Washington Market Park gardener will retire this month

Richie Haugland, who has maintained the Washington Market Park gardens for the past decade and is responsible for the explosion of tulips that color the park every spring — go check them out today! — is retiring from the Parks Department after 26 years. His last day will be May 2; come wish him well at the Friends of Washington Market Park’s planting day on Saturday (scheduled for 10:30a).

“I’ve loved it here,” Richie said. “This is a really healthy community — a real neighborhood park. Every park has its own life — its own feel. And I have loved the work here.”

Richie grew up in Borough Park and for the first half of his working career was a menswear accessory buyer for Lester’s. In the ’90s, he would volunteer on the weekends in a community garden in Bay Ridge, which is where he met then-Brooklyn Borough Parks Commissioner Julius Spiegel — he instructed him to get a job at the Parks Department.

By then Richie was 40 and was ready for a change. He signed up for night school at the Brooklyn Botanic Garden, getting his certificate in horticulture over the next two years.

“It was a mid-life crisis,” he said.

He was hired by Parks in 1999 (he knew Commissioner Henry Stern — Richie’s family used to get their camping gear and cub scout uniforms from Stern’s parents’ store in Brooklyn) and was assigned to Union Square as the assistant gardener. That fall they offered him the full gardener job at the newly renovated City Hall Park, where he stayed for 15 years.
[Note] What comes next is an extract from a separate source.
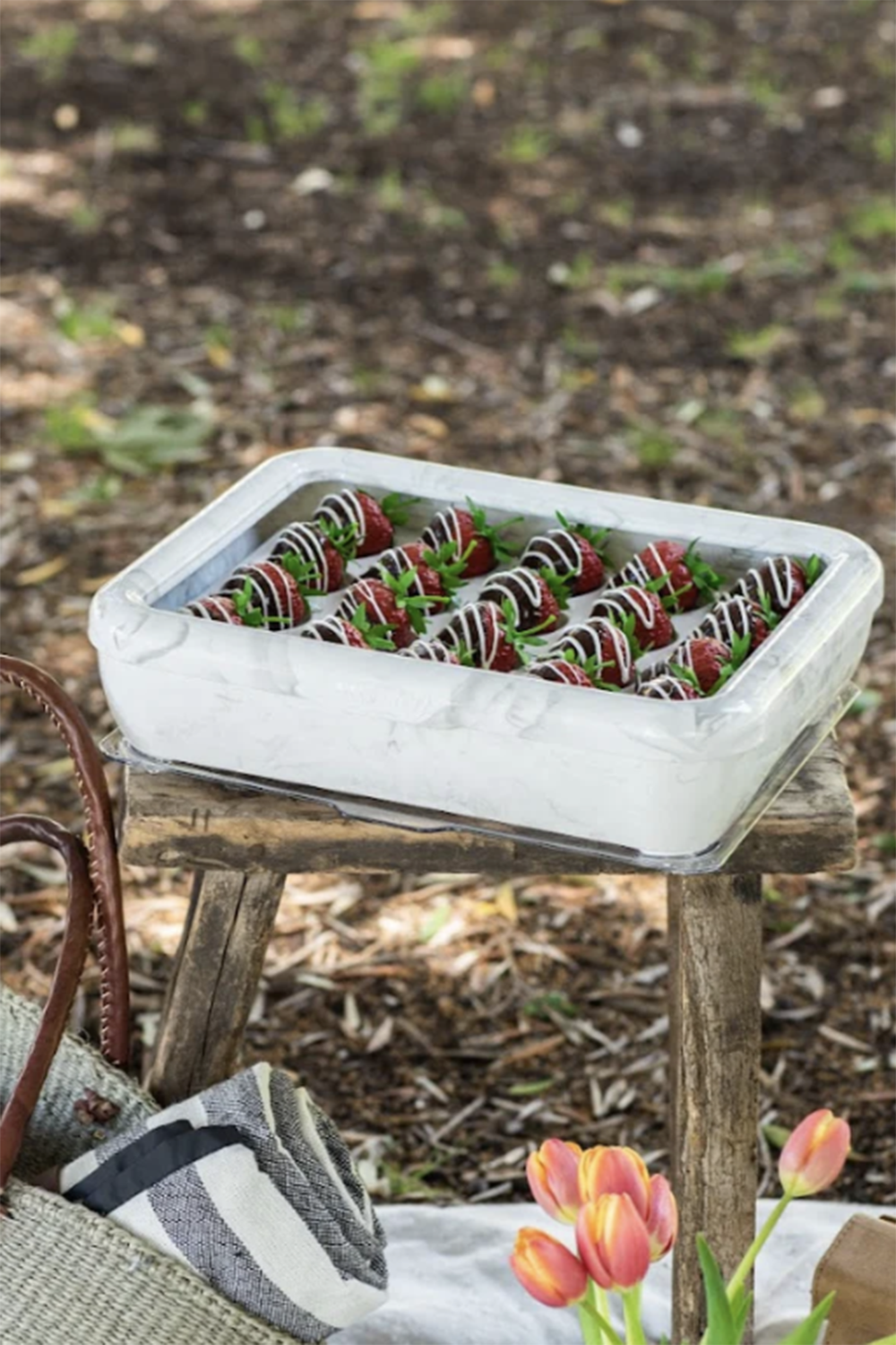 Designed for versatility, the ribbed bottom promotes airflow to help maintain your food's temperature, whether hot or cold. When it’s time to serve, just remove the clear cover and place it underneath the Fancy Panz to use as a trivet. If you're leaving the event early, you can easily leave the foil pan behind or dispose of it, avoiding the hassle of transporting dirty dishes or losing a favorite serving piece.
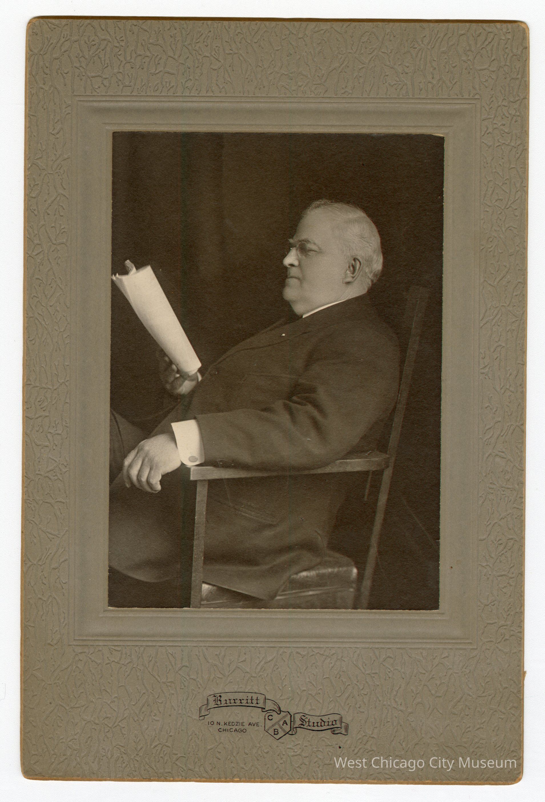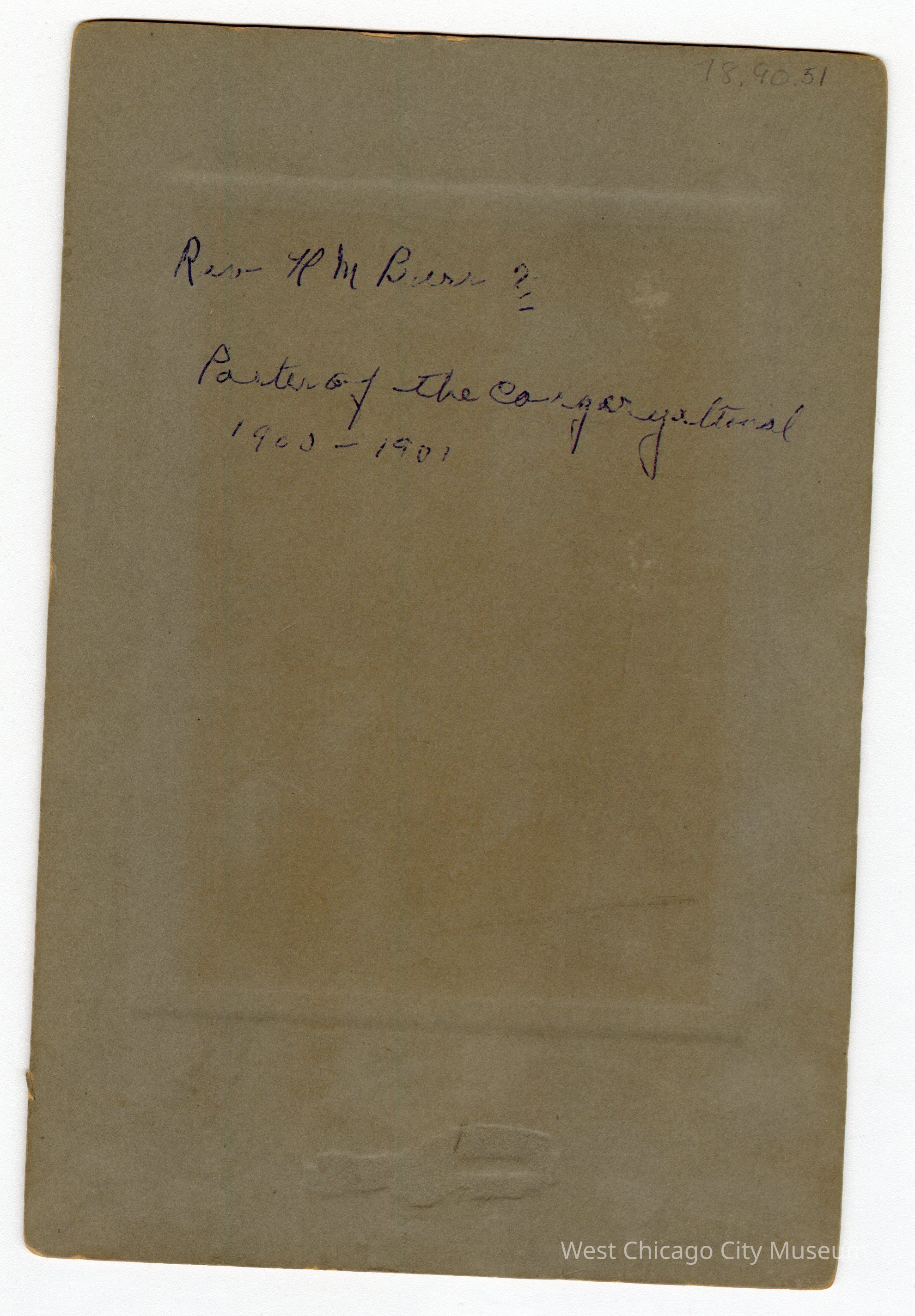 Photo, b&w, 8 7/8" x 5 7/8" (including mounting); on front is Burritt Studio 10 N. Kedzie Ave. Chicago on back is written in ink, "Rev H M Burr Pastor of the Congregational - 1900-1901"Photograph Details

“Working for Parks, I made less money, I had fewer perks and there was no prestige. But I loved the work. It was worth every tradeoff. It’s so important in life to enjoy what you’re doing.”

He came to Washington Market Park in 2014, and has loved this assignment, but he is ready to retire. He’s 66 (“My mind says I’m 18 but my body says I’m clearly not”), he said his knees are shot, and he can’t keep up with the work they way he wants to do it. (He still plants 15,000 tulip bulbs every fall, digging up the old ones so he can recreate a color scheme every year.)

And he has things he wants to do: visit the classic gardens of Europe (Dublin is his first stop this summer); finally learn Spanish; return to teaching at the Brooklyn Botanic Garden as he did before covid. And he wants to start creating what he calls sensory gardens at the city’s courthouses as a place for jurors to decompress. “There’s therapy for the victims and even for the perpetrators, but there’s no outlet for the jurors. There’s no calming place for them and they have to hear some horrific stuff.”

He will, of course, garden. His tastes have changed over the years, and he has come to value native plants that attract native bugs and therefore native birds. And while the tulips are still the showstopper (he planted them here, he said, because a children’s park needs color), his favorite right now is the flying dragon: bright green with an architectural feel in winter, orange blossoms and white flowers in spring, fruit that looks like fuzzy orange ping pong balls in fall.

“It’s a plant that has a lot of multi-seasonal interest,” he notes. “At this point in my life, I’m appreciating that more.”

 

5 Comments

  1. Gardener Richie will be missed. He’s been a mainstay since I’ve been taking my kids to the park. He’s very friendly and done so much for the park. I tell my kids, “Gardener Richie works so hard making the park look nice, don’t pick the flowers.” Wishing him well.

  2. Richie is the best! He will be very missed

  3. A wonderful, generous man and great source of gardening information! I once took a class with him at Brooklyn Botanical Garden on plant propagation. Absolutely fascinating. The Tribeca park was so lucky to have him for so long!! Wishing him well on his retirement.

  4. What a great piece. We will all miss Richie tremendously. I hope the Parks Dept takes seriously the community’s desire to maintain this level of gardening in WMP.

  5. paakre@gmail.com

    Congratulations to Richie for being able to pursue what he wants to do for himself after giving ten years to making Washington Market park look so beautiful. I am grateful to him for the advice he gave to us at Finn Square.